# Swaying Zombie 2013



## discozombie (Jun 21, 2012)

New prop for 2013. Swaying zombie prop using a wiper motor for the movement, tstraub's 4 ch prop controller with a PIR trigger. The head is a cosmetology student head, I'm still on the fence if I should add hair or not.

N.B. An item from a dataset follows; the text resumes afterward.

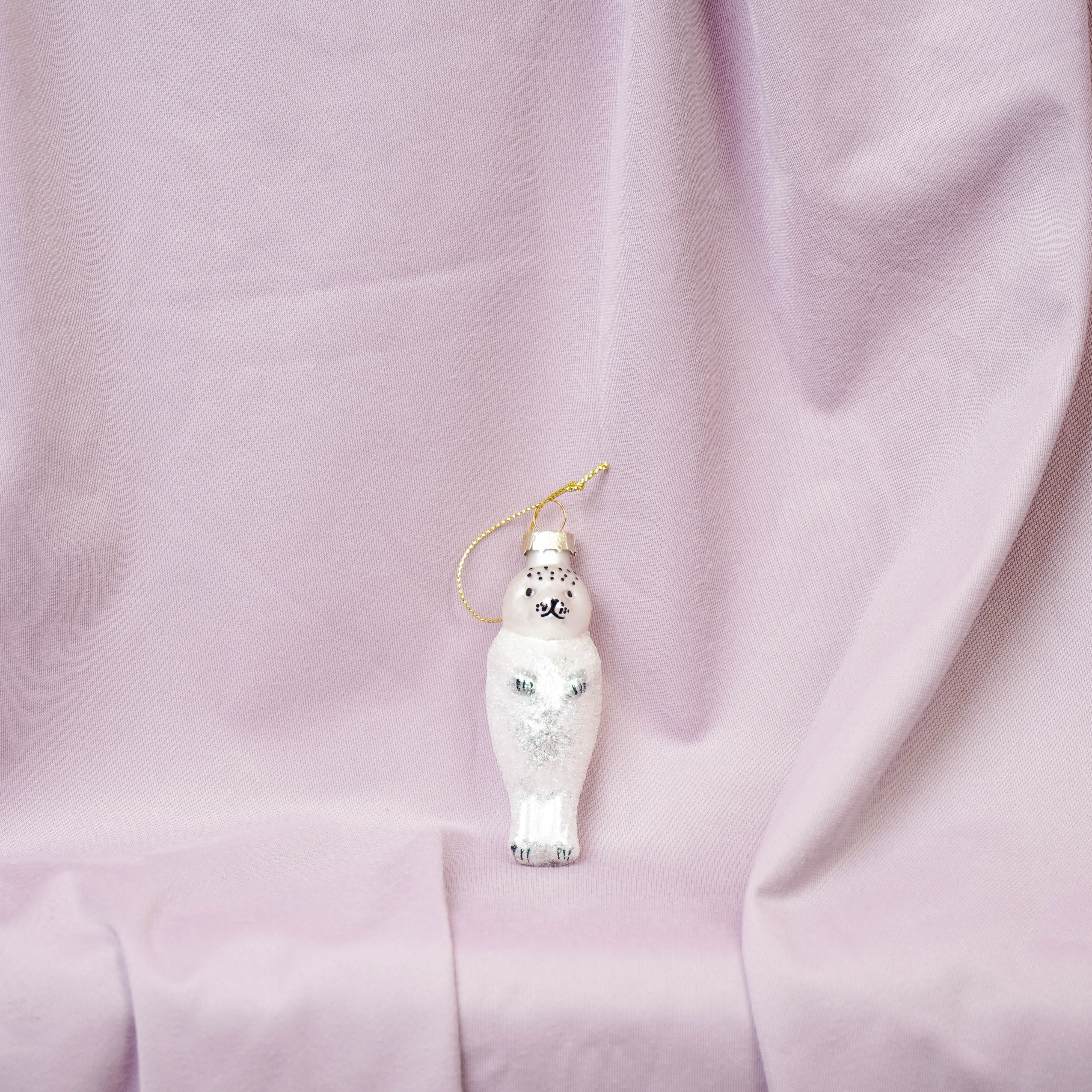 Kerstversiering - Kersthanger - Zeehond - Glas - Wit - 3,5x3,5x9,5cm
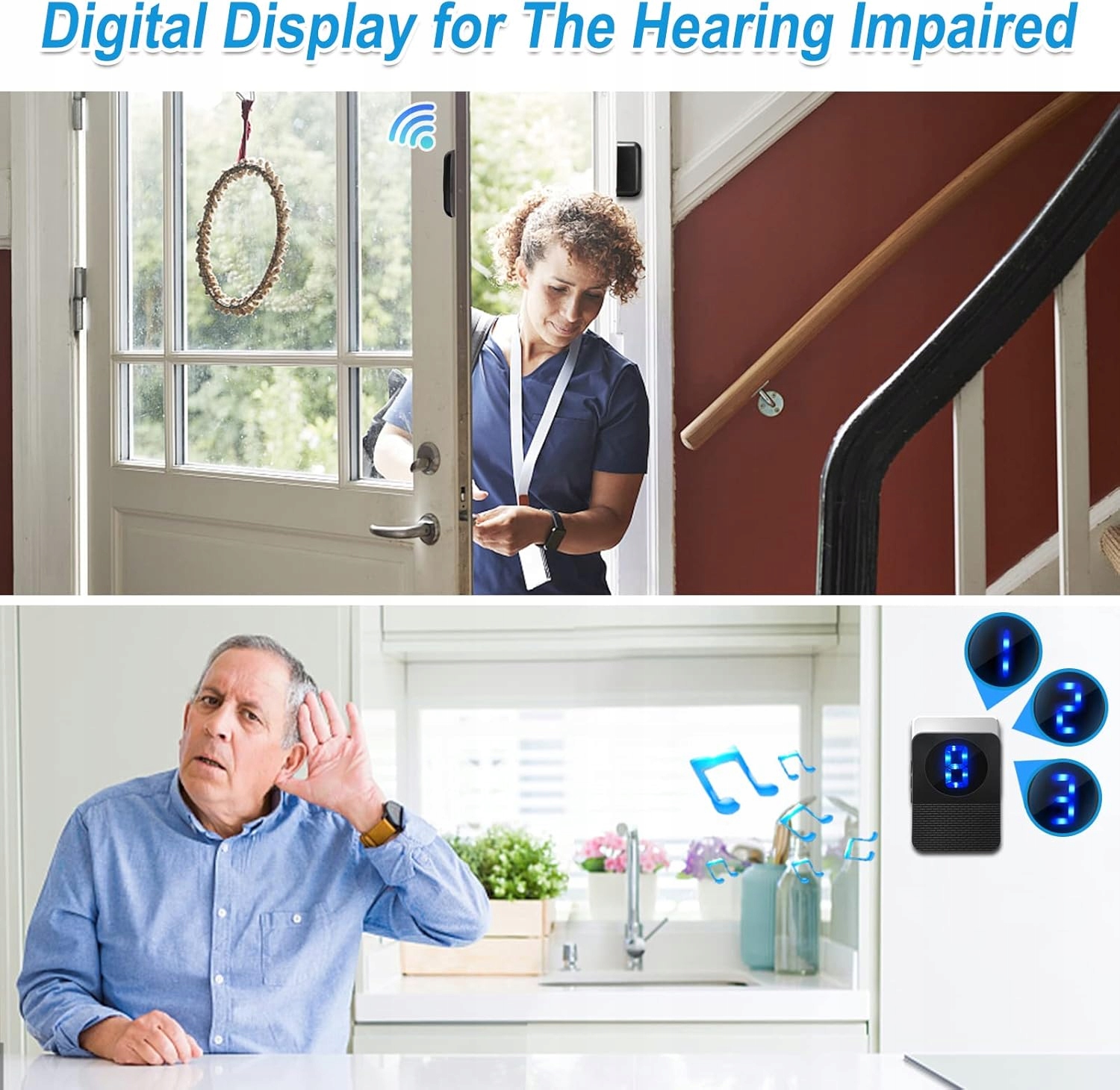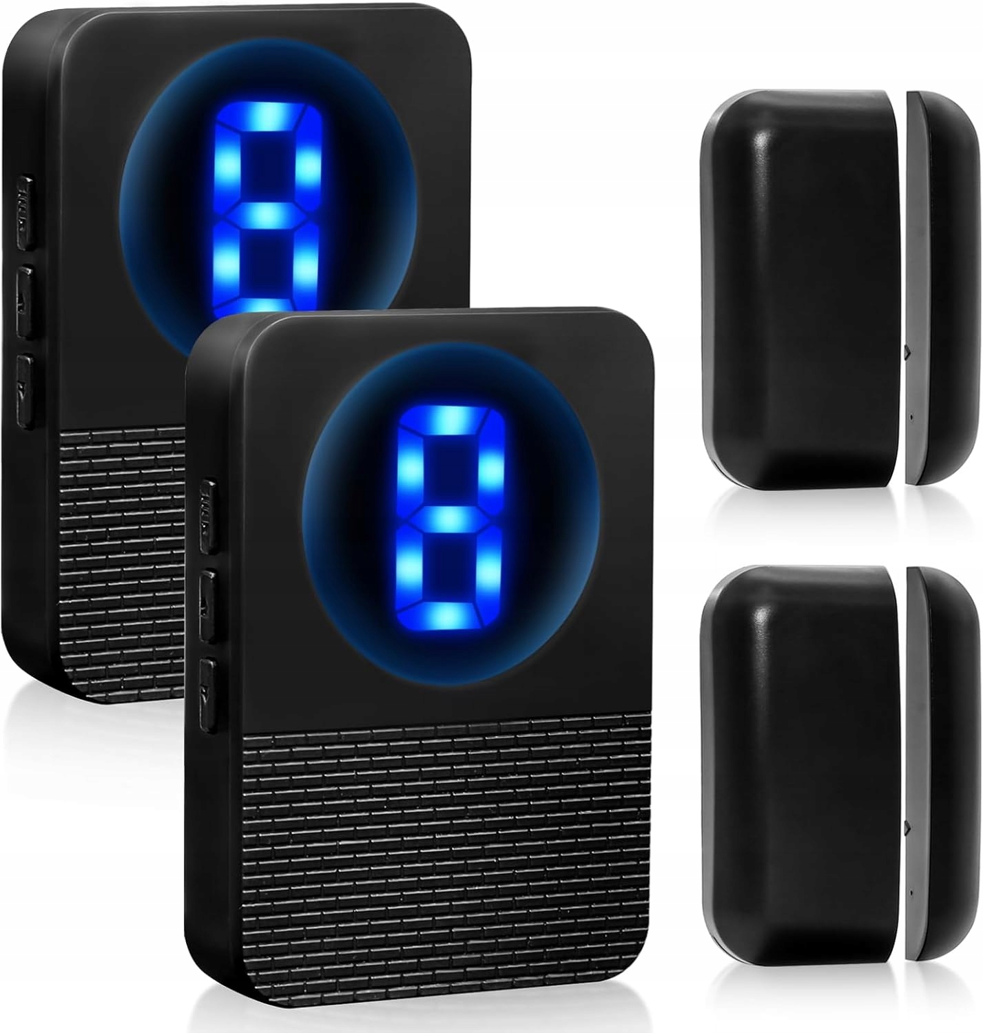 Alarm wejścia do drzwi jest wyposażony w 55 rodzajów dzwonków o różnych stylach do wyboru. Regulacja głośności na 5 poziomach, od cichej do głośnej (0 db do 110 db), nie musisz się martwić, że nie usłyszysz dzwonka. Wskaźnik LED może wyświetlać różne liczby, co ułatwia rozróżnienie, które drzwi są otwarte

Sorry about the video, its hard to shoot video, trigger the prop and turn off the lights by yourself. My wife and kids wont go into the basement since "Brad" has show up. (the cosmetology head read "Mr. Brad" on the neck)


----------



## jdubbya (Nov 6, 2005)

Fantastic! Love the movement. The head and hands are great. Personally I would leave the head as is. Looks more menacing w/o hair. Good job on the sound track as well. Any pics of the mechanism?


----------



## Bone Dancer (Oct 7, 2005)

Totally agree, excellent movement and yes, need to see the guts of this guy.


----------



## CreeepyCathy (Mar 28, 2009)

great job!!! LOVE the movement!


----------



## CrazedHaunter (Nov 18, 2012)

Great job.


----------



## Pumpkin5 (Aug 8, 2010)

:jol: DZ that is so cool! Brad looks bad to the bone. (I kind of get why your wife and kids are leery of him.)


----------



## RoxyBlue (Oct 6, 2008)

Bald guys can be zombies, too

The movement is really good on this guy, and I like the texturing on the face.


----------



## Hairazor (Mar 13, 2012)

You did a great job of putting this together, long may Brad scare! No hair needed!


----------



## discozombie (Jun 21, 2012)

Since this is the showroom, Ill make a new post to show the guts. http://www.hauntforum.com/showthread.php?p=755761#post755761


----------



## FastEddie33 (Aug 16, 2013)

Very cool!!..great job, love the movement!!


----------



## hpropman (Jul 27, 2008)

Nicely done and I agree leave the hair off


----------



## ~Hexxis~ (Jul 31, 2013)

It's amazing what you guys are coming up with. Ya know what they say... " One man's trash is another man's Halloween prop."... or is it another man's potpourri...? I can never remember.


----------



## morgan8586 (Aug 30, 2006)

Great job!!!


----------



## strynite (Jul 28, 2013)

Nice prop and great job on the movement!


----------



## Nrthrnstr (Jul 23, 2013)

Awesome!


----------



## davensj (Nov 21, 2012)

This is nice! Great job!


----------



## The Watcher (Sep 13, 2008)

That is one cool prop.


----------